In some ways, this banana-republic coverage was a disservice even to the recently departed. After all, it was in part the case that the youngest brother had lived down the criminal and narcissistic and power-mad background of his family. His best biographer, Adam Clymer, wrote, on the morning after he died, that it was arguably wrong to see a discontinuity in Kennedy’s career and that he had actually been a decent-enough legislator before abandoning any yearning for the White House after 1980. This may be true as far as it goes, but the obituaries would still have had to be somewhat different in tone, even given the servility of the journalistic profession, if Kennedy had died at the time of the Au Bar episode in Palm Beach, for instance, and had not decided to take some kind of a pull on himself and become a citizen again instead of a drone.

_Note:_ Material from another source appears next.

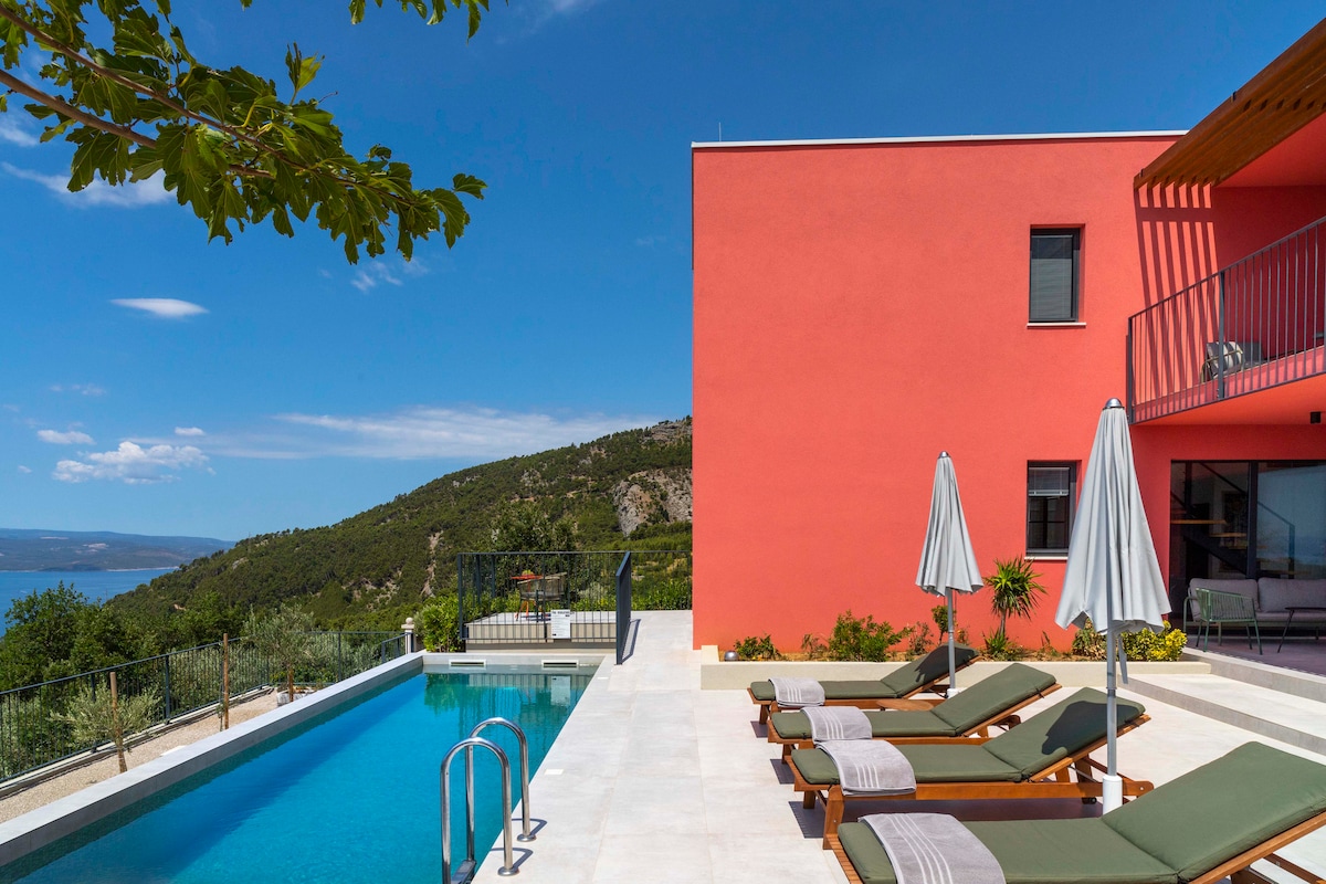 Modern holiday house Villa View with the heated infinity pool at the foot of the mountain Biokovo and its park of nature.Villa is situated in a wonderful, quiet and natural environment with pine trees and olive fields.On the ground floor is located the beautiful heated infinity pool with massage (33 m²),from which you have a breathtaking panoramic view of the town of Makarska,the sea and the island.You will want to stay forever in this modernly equipped villa with Jacuzzi and fitness room.

A former Senate staffer of his stopped by for a drink last week and told me that, without fanfare, the socialist president of Chile had come in person to the Kennedy home a few months ago to bestow one of her nation’s highest human rights awards on him. His work on that subject alone was a part atonement for his siblings’ deployment of what Lyndon Johnson himself called “a goddam Murder Incorporated” in the Southern Hemisphere. So, of course, was his labor on health care (where Richard Nixon had a better political track record than the Kennedy administration) and his last decision to keep looking life in the face for as long as he had breath. In those waning months, after being disgusted by malicious anti-Obama propaganda being spread in the Democratic primaries—later picked up and used by the right in the general election—he withdrew his support from a candidate whose victory would have meant the continuation of the dynastic politics represented by the family names Bush, Gore, and Clinton. What a favor he did us all by that repudiation! And how fitting that it should have been a Kennedy who did it. The political rhetoric of Obamaism, alas, is even more bloviating at times than Camelot was, but you can’t have everything.
A fitting roundup, really. The story of the youngest of the Kennedy brothers was of wretched excess and abuse of privilege followed by genuine and rather remarkable redemption. As Hitch puts it in the close, “Kennedy’s very last year was quite possibly his best, and how many men or women will be able to say that?”